Mit altestamentarischer Wucht lässt James Lee Burke die Figuren in seinem Thriller „Regengötter“ aufeinanderkrachen – was für ein Glück, dass Heyne Hardcore diesen Roman auf den deutschen Markt bringt.

Lokales: Hans Jörg Wangner (hwe)

Stuttgart - Markus Naegele, Programmleiter Heyne Hardcore, irrt: „Nach wenigen Seiten“ sei man bei „Regengötter“ von James Lee Burke „mittendrin in einer flirrenden, staubigen Szenerie mit Figuren, die man so schnell nicht vergisst“. Im Wirklichkeit braucht es aber nicht wenige Seiten, sondern nur wenige Zeilen, um vom Sog dieses Thrillers erfasst zu werden.

 

Seit mehr als einem Jahrzehnt ist der 1936 in Louisiana geborene Schriftsteller in Deutschland nicht mehr verlegt worden. Umso mehr freut sich die versammelte Krimigemeinde, dass Heyne diesem Missstand ein Ende setzen will. Mit nichts weniger als mit Cormack McCarthys Klassiker „No Country for Old Men“ vergleicht Naegele die Regengötter – und hat damit, wenn nicht in puncto Konstruktion, so doch in puncto Ton, absolut recht.

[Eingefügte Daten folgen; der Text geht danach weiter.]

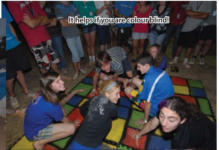
It helps if you are colour blind!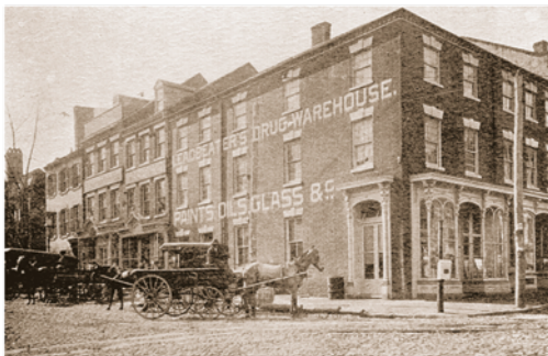
Stabler-Leadbeater Apothecary Museum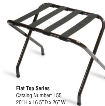
Flat Top Series Catalog Number: 155 20" H x 16.5" D x 26" W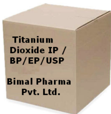
5 kgs. Carton with PE Liner inside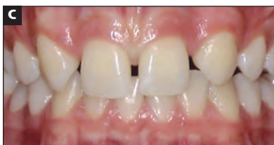
Figure 1A through Figure 1C Evaluation of specific dental and facial criteria is necessary when selecting the appropriate patient for canine substitution.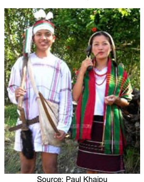
Population: 260,000 World Popl: 260,000 Total Countries: 1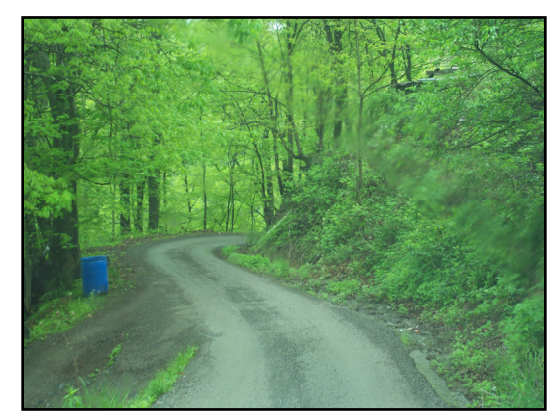
Gap Road climbs a steep, windy hill past one or two residential homes.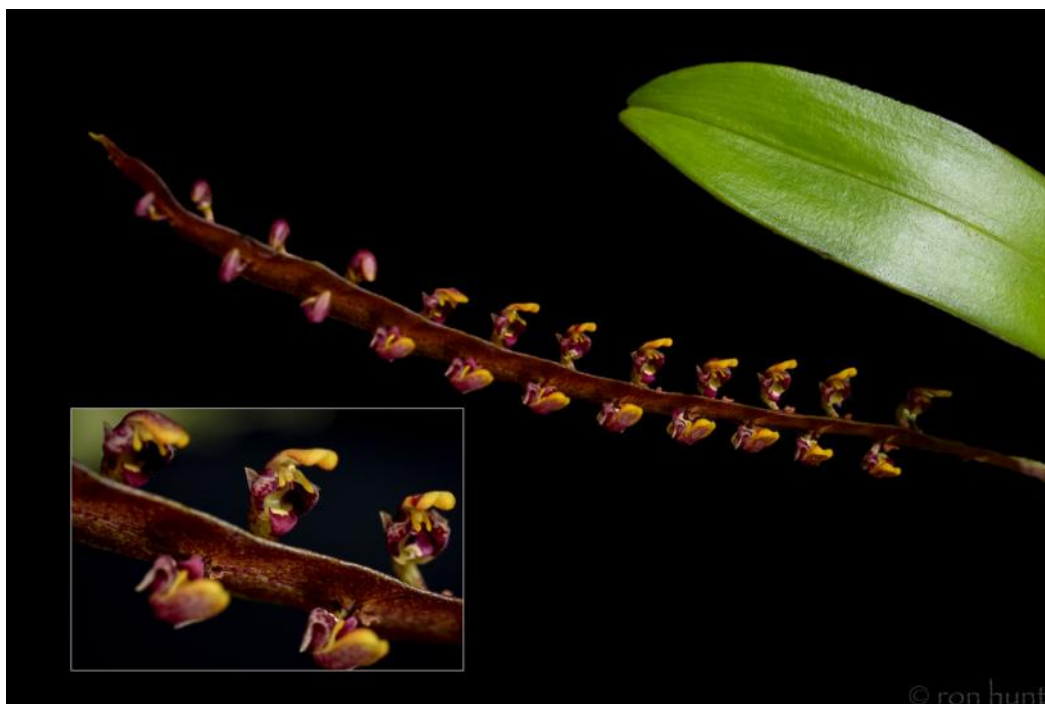
Bulb. falcatum

Mit alttestamentarischer Wucht

Die Regengötter drehen sich um eine ganze Reihe von handelnden Personen, die mit alttestamentarischer Wucht ihrer Wege gehen, die ihre Prinzipien haben und für diese Prinzipien notfalls sterben und sterben lassen. Und der Roman dreht sich um eine Reihe von Figuren, die ganz ohne Prinzipien zerstören, vernichten und töten, was ihnen in die Quere kommt.

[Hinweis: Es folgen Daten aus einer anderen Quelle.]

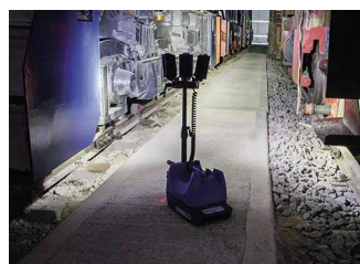
180° Directional Light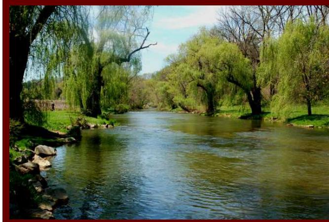
Special Regulations section of the Little Lehigh Creek

a movie costs about $6.66 per hour, even without the popcorn. At that rate, you only have to fish 4.8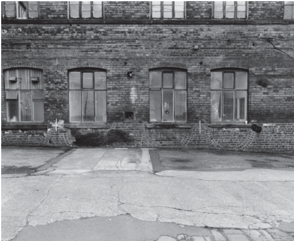
Plate 18: Courtyard elevation of Arundel Street range, note inverted arches © University of Sheffield. Reproduced by permission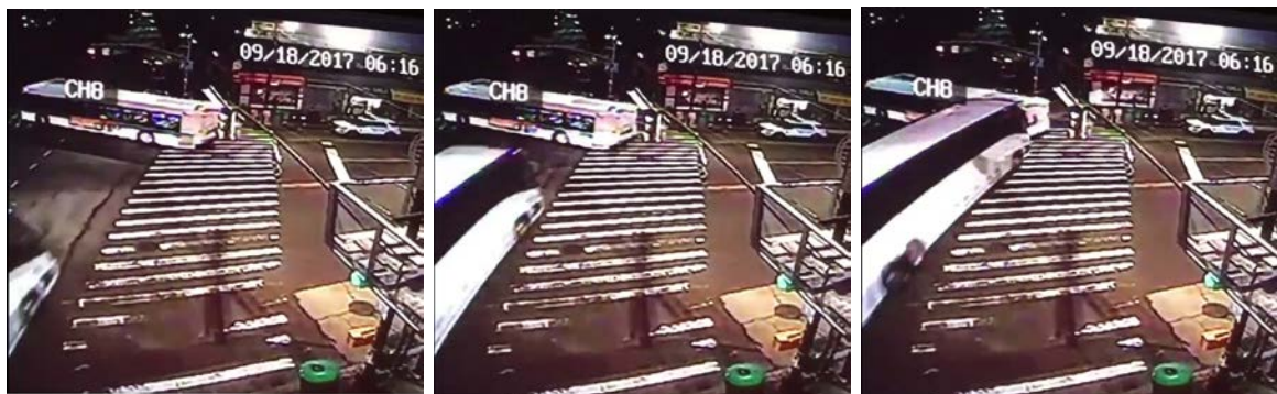
Figure 2. Still images from a surveillance camera mounted on the southwest corner of the intersection.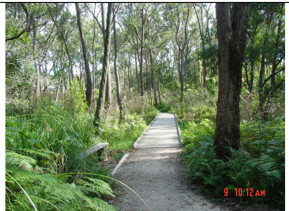
Sydney Coastal Estuary Swamp Forest Complex at the Warriewood wetlands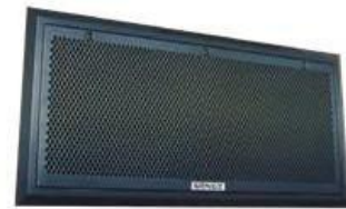
Air Return Grille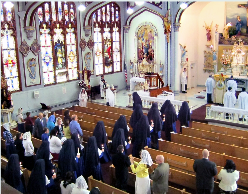
The ceremonies on the feast of Our Mother of Perpetual Help began with the Sisters processing into church with lighted candles while chanting the Salve Regina.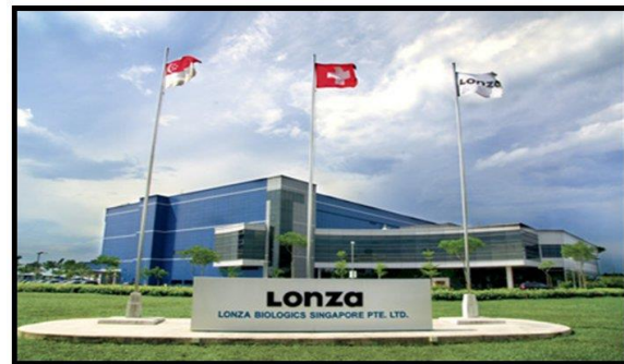
Lonza Hot Dipped Galvanize Ductwork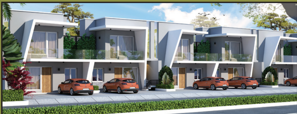
Forteasia The Grand, Sector 35, Bahadurgarh, Haryana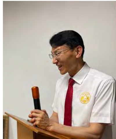
Lecturing on CheonBo Providence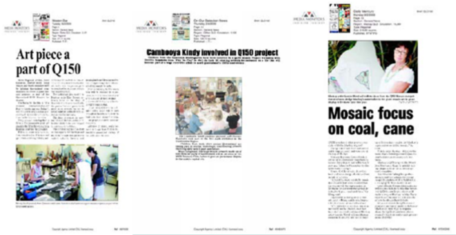
Media file: Press Release Articles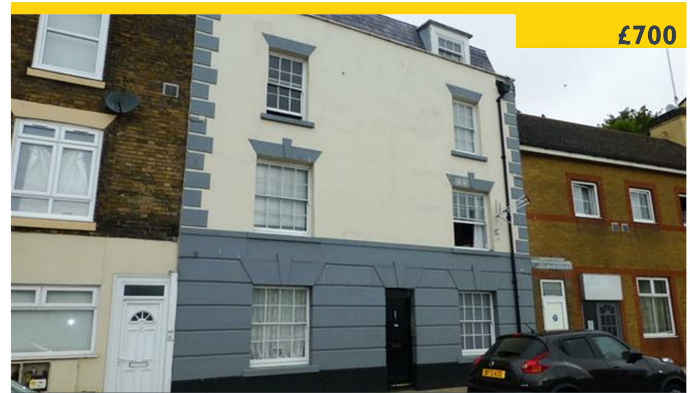
Flat 8 166 Snargate Street, , Dover CT17 9BZ

Money laundering regulations - Intending purchasers will be asked to produce identification documentation at a later stage and we would ask for your co-operation in order that there will be no delay in agreeing the sale.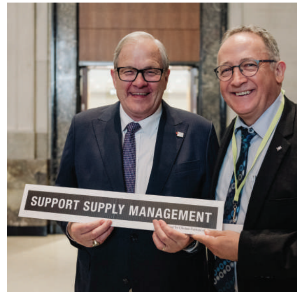
Chicken Farmers of Canada Annual Lobby Day Reception: Minister of Agriculture and Agri-Food Lawrence MacAulay and Member of Parliament Yves Perron.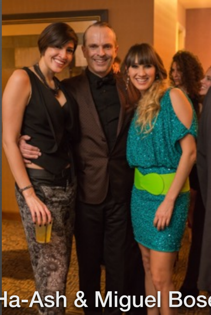
Ha-Ash & Miguel Bose

Im Mittelpunkt steht der über 70-jährige Sheriff Hackberry Holland, der den Mord an neun thailändischen Frauen aufklären muss. Die Opfer wurden von Kugeln aus einer Maschinenpistole durchsiebt und von einem Bulldozzer verscharrt. Hinter dem Massaker stecken die Drogenmafia und ein bigotter Killer, Jack Collins mit Namen, der sich selber Preacher nennt. Es beginnt ein blutiger Wettlauf, an dessen Ende der Preacher seine gerechte Strafe bekommt. Oder etwa doch nicht?

Starke Frauen

Burke zeichnet seine Figuren mit großer Schärfe – und er hütet sich davor, in ein allzu einfaches Gut-Böse-Schema zu verfallen. Hackberry Holland ist im Korea-Krieg gefoltert worden, hat später gesoffen, gehurt und ist auch im Alter bereit, Fünfe grade sein zu lassen: Der Mann macht – und das ist wörtlich zu verstehen – im Zweifel keine Gefangenen.

Pam Tibbs, seine Deputy, die ihn anhimmelt, neigt zu völlig überzogenen Gewaltausbrüchen. Jack Collins verschont potenzielle Opfer, obwohl die ihm gefährlich werden können. Und dann sind da noch starke Frauen wie die Sängerin Vikki Gaddis („Das nächste Mal mach ich dich alle, du Arschgesicht“, schreit sie den Preacher an) und Esther Nolan, die Frau eines Nachtclubbesitzers, die sich in dieser gewalttätigen und blutrünstigen Männerwelt behaupten.

Geschrieben hat das Ganze ein Mann, der ein bisschen aussieht wie Ronald Reagan. Allerdings ein Reagen mit Intelligenz und Empathie und großer Würde – ganz so, wie die guten unter seinen Figuren. Oder was immer man in diesem großen Stück Gegenwartsliteratur auch als „gut“ bezeichnen mag.

James Lee Burke: „Regengötter“. Aus dem Englischen von Daniel Müller. Heyne, München 2014. Paperback, 672 Seiten, 16,99 Euro. Auch als E-Book, 13,99 Euro.